What carries the argument
Direct performance comparison of fine-tuned BERTurk against zero-shot prompted large language models on three-class Turkish sentiment classification of e-commerce reviews.
Load-bearing premise
The prompting strategies and model choices for the large language models represent a fair and near-optimal zero-shot baseline rather than an under-optimized one.
What would settle it
An experiment in which optimized prompts or few-shot examples allow prompted large language models to match or exceed fine-tuned BERTurk accuracy on the identical three-class Turkish dataset.
Figures
read the original abstract
This study examines whether supervised fine-tuning remains necessary for Turkish sentiment analysis in the era of large language models. We compare classical machine learning methods, fine-tuned pretrained language models, and prompted large language models on a Turkish e-commerce review dataset with negative, neutral, and positive labels. Fine-tuned BERTurk models perform best overall and outperform all prompted large language models in the full three-class task. The neutral class emerges as the main difficulty: while several large language models are much more competitive in binary positive--negative classification, they degrade substantially in the three-class setting by collapsing neutral reviews into polarized categories. The findings suggest that, in realistic Turkish sentiment classification, prompted large language models do not yet match supervised fine-tuning in the zero-shot setting, and that including the neutral class is crucial for robust evaluation.
Editorial analysis
A structured set of objections, weighed in public.
Referee Report
Summary. The paper compares classical ML baselines, fine-tuned BERTurk models, and zero-shot prompted LLMs on a Turkish e-commerce review dataset for three-class sentiment analysis (negative, neutral, positive). It reports that fine-tuned BERTurk achieves the highest performance overall, while prompted LLMs are competitive in binary positive-negative classification but degrade markedly in the three-class task by misclassifying neutral reviews into polarized categories. The authors conclude that supervised fine-tuning remains necessary for robust Turkish sentiment classification in the zero-shot LLM setting and that neutral-class evaluation is essential.
Significance. If the empirical results hold under improved prompting, the work supplies a focused, language-specific benchmark showing that zero-shot LLM prompting has not yet closed the gap with fine-tuning for Turkish sentiment analysis when neutral labels are included. It provides concrete evidence on the neutral class as a persistent failure mode and underscores the value of realistic multi-class evaluation protocols for non-English tasks. The study is a straightforward empirical contribution that can inform practitioners working on Turkish NLP applications.
major comments (2)
- [Methods] Methods / Experimental Setup: The manuscript provides no prompt templates, temperature values, model selection criteria, or tests of Turkish-specific phrasing for the zero-shot LLM baselines. Because the central claim—that fine-tuned BERTurk outperforms all prompted LLMs—rests on these baselines representing a fair zero-shot comparison, the absence of these details leaves open the possibility that the observed gap is an artifact of under-optimization rather than an inherent limitation.

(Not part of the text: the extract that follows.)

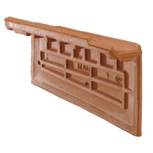 Rive individuelle verticale droite à emboîtement à grand rabat, en terre cuite, permettant la finition des rampants de pignon.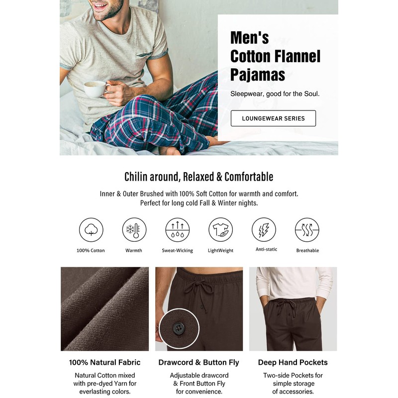 CQR Men's 100% Cotton Plaid Flannel Pajama Pants, Brushed Soft Lounge & Sleep PJ Bottoms with Pockets, Unique HPJ100-DBN_Small

- [Results] Results section (performance tables): The reported degradation of LLMs when moving from binary to three-class evaluation is load-bearing for the conclusion, yet no error analysis, confusion matrices, or example neutral misclassifications are supplied to characterize the failure mode. This weakens the ability to interpret whether the neutral class is intrinsically difficult or simply mishandled by the chosen prompts.
minor comments (2)
- [Abstract] The abstract and conclusion could more explicitly qualify the scope as 'zero-shot prompting' to avoid overgeneralization to few-shot or instruction-tuned settings.
- [Tables] Table captions and axis labels should consistently use the same model abbreviations as the main text for readability.
Simulated Author's Rebuttal
We thank the referee for the thoughtful and constructive comments. We address each major point below and have incorporated revisions to improve the manuscript's clarity and reproducibility.
read point-by-point responses
-
Referee: [Methods] Methods / Experimental Setup: The manuscript provides no prompt templates, temperature values, model selection criteria, or tests of Turkish-specific phrasing for the zero-shot LLM baselines. Because the central claim—that fine-tuned BERTurk outperforms all prompted LLMs—rests on these baselines representing a fair zero-shot comparison, the absence of these details leaves open the possibility that the observed gap is an artifact of under-optimization rather than an inherent limitation.
Authors: We agree that the absence of these details limits reproducibility and interpretability. In the revised manuscript we now include the full prompt templates (both English and Turkish variants tested), temperature values (0.0 for all models to ensure determinism), model selection rationale (covering the most widely used open and proprietary LLMs available during the study period), and a brief discussion of Turkish-specific phrasing attempts. These additions demonstrate that the prompts were constructed following standard zero-shot practices and that the performance gap persists across reasonable prompt variations. revision: yes
-
Referee: [Results] Results section (performance tables): The reported degradation of LLMs when moving from binary to three-class evaluation is load-bearing for the conclusion, yet no error analysis, confusion matrices, or example neutral misclassifications are supplied to characterize the failure mode. This weakens the ability to interpret whether the neutral class is intrinsically difficult or simply mishandled by the chosen prompts.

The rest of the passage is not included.